Елена Баевская: «Никто меня не заставляет переводить Пруста»

Елена Калашникова поговорила с лауреатом Премии им. Ваксмахера о новом переводе Пруста

текст: Елена Калашникова

— Расскажите, пожалуйста, о том, почему вы решили взяться за перевод романа «В поисках утраченного времени» Марселя Пруста. На русском это произведение из семи книг есть — в версиях Адриана Франковского и Николая Любимова.

— Идея пришла после того, как я сравнила первую страницу французской книги с русскими переводами. Просто первую страницу. С чего мне пришло в голову сравнивать? Мои друзья обнаружили какие-то темные фразы в одном из переводов и спросили, что это на самом деле должно означать. Я убедилась, что и в одном, и в другом переводе это место не совсем понятно, и стала сравнивать с французским текстом — а там все понятно. Я решила посмотреть, а как вообще, и увидела, что первая фраза переведена не совсем точно у обоих, и тогда первый раз подумала: а не попробовать ли самой.

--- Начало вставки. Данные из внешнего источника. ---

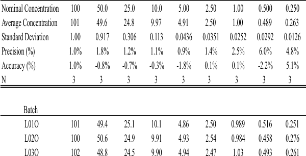 Sample throughput and reproducibility for Olanzapine was increased using automated 96-well solid phase extraction. A manual solid phase extraction was transferred to the 96-well format using the Tomtec Quadra 96 . Sample volume was reduced from 1mL to 0.75mL. Prior to loading samples, the SPE plate is conditioned with methanol and phosphate buffer. After sample loading, the plate is rinsed with phosphate buffer and a wash solution before eluting with a basic elution solution. A successfully validated method transfer was obtained. The resulting assay was more sensitive, selective, accurate and precise than the manual method. Inter-assay precision and accuracy by the automated method ranged from 3.2% to 5.6%, and 1.4% to 1.9% respectively. Inter-assay precision and accuracy for the manual method ranged from 1.7% to 10.0%, and 1.6% to 3.7% respectively. The automated assay drastically reduces sample preparation time (at least a 3-4-fold decrease) decreases labor costs and increases throughput in clinical studies. Automation reduces the tedious nature of manual extraction and also decreases the incidence of lower IS recovery. This in turn leads to better batch to batch reproducibility.

А есть ли у вас объяснение, почему Адриан Франковский и Николай Любимов перевели первую фразу неточно?

— Есть. Видимо (то есть совершенно точно), оба переводчика, когда начинали работу, не имели общего взгляда на роман целиком, когда же текст переведен, глаз замылен и не видишь несоответствий. А роман «В поисках потерянного времени» — это такой интересный текст, в котором очень важно единство, и сам Пруст настаивал, что это не серия романов, а один большой роман. Он хотел, чтобы мы читали его с начала до конца, пусть не торопясь, но целиком и подряд.

© Елена Калашникова

А сколько лет назад вы сравнили эти переводы и оригинал?

— Давно. Боюсь, это было уже двенадцать лет назад. Но не надо думать, что все двенадцать лет я только и сидела над этим переводом. За это время я сделала немало других, преподавала, что-то сама писала.

Пруст — ваша самая главная работа за последнее время?

— Получается, что да. Я перевожу «Под сенью девушек в цвету», а впереди еще пять книг. Главный герой, рассказчик Марсель, говорит: «Я понял, что я должен написать роман, только хватит ли мне времени?» И я тоже задаюсь этим вопросом.

Но вы, наверное, сразу им задавались?

— Ну да, но мы люди маленькие: как выйдет, так и выйдет.

Когда вы решили переводить Пруста, вы в аспирантуру ради этого поступили, да?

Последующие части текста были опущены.